Contributing to the conspiracy of silence on all sides is the gross unfairness of the way we now share the risk and burden of fighting for one’s country. The current distribution is consistent with periods when the United States had a draft that the sons of privilege could readily evade, by hiring “replacements” during the Civil War, or getting an educational deferment or lobbying one’s draft board during the Vietnam era. Once again, young people without good opportunities in life are handling the fighting and dying for those with better things to do—only this time, there is not even a pretense of shared responsibility for defending the country. Such injustice is hard to face up to in a country where social equality remains the civic religion.

Because conscription appeals to essentially no one, the United States has lived with the All-Volunteer Force since the end of the Vietnam War. With the nation at peace or involved only in low-grade interventions that entailed limited risk, not having a draft worked relatively well. The military made itself attractive as an avenue of social mobility, offering members of the lower middle class technical training and educational opportunity in exchange for tours of duty. As the Cold War ended, reductions in the level of troops that were needed allowed the armed forces to raise their standards and become more selective. That we didn’t need more manpower and that the Pentagon wasn’t using the downtrodden for cannon fodder effectively settled the question.

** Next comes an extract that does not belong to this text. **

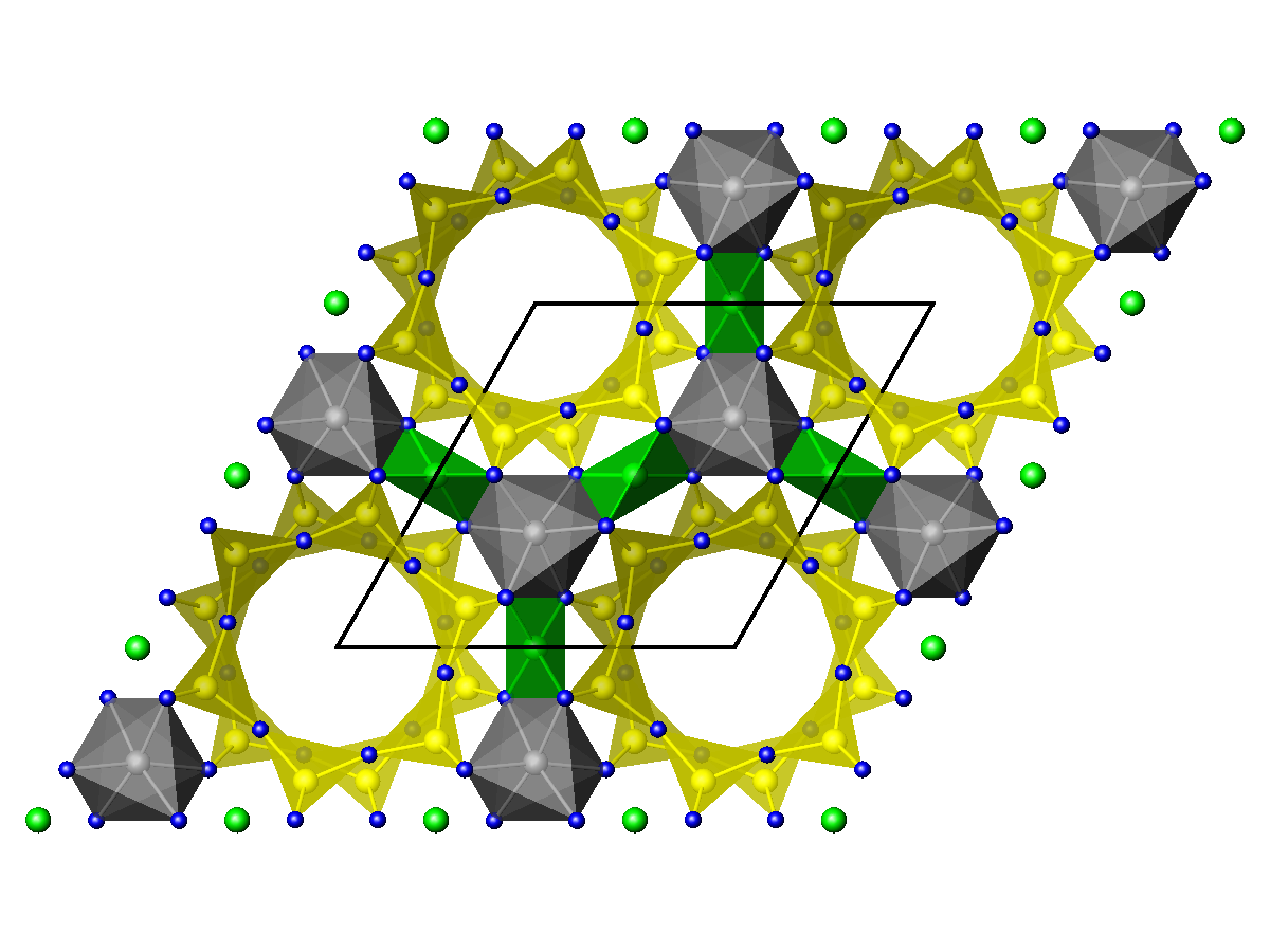 Crystal structure of beryl

But Iraq has changed all that. A soldier’s odds of being killed in Iraq are somewhat lower than they were in Vietnam, but this does not make it a safer place for combatants. The risk of being injured in Iraq is significantly higher than it was in Vietnam—3.1 percent of all those who have served, as opposed to 1.8 percent over a much longer period in Vietnam, according to Newsweek. Thanks to striking advances in field medicine, soldiers who would have died in any other war now survive, but they often do so with catastrophic, life-altering injuries. Dawning comprehension of just how dangerous service in Iraq is has made it harder and harder for the military to meet its personnel goals. Despite raising cash bonuses to $10,000 and college scholarships to $70,000, the Army missed its recruiting target last year by nearly 10 percent. It has now even stopped routinely discharging people with drug and alcohol problems.

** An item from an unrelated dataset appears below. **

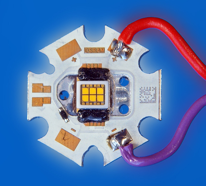 High Power LED "OSTAR" from OSRAM with 18 W power

There are some who argue that America should bring back the draft because of the ennobling effects of military service—class mixing, personal growth, better mutual understanding across the civilian-military divide, and so on. These are worthy goals but not really sufficient to justify depriving young people of their freedom in the absence of a true national need. What does justify it is the scale of death and injury in Iraq, which makes relying on an all-volunteer force painfully undemocratic and unfair. A resumption of the draft would be everyone’s nightmare. But let us be honest enough to admit that not having a draft isn’t working either.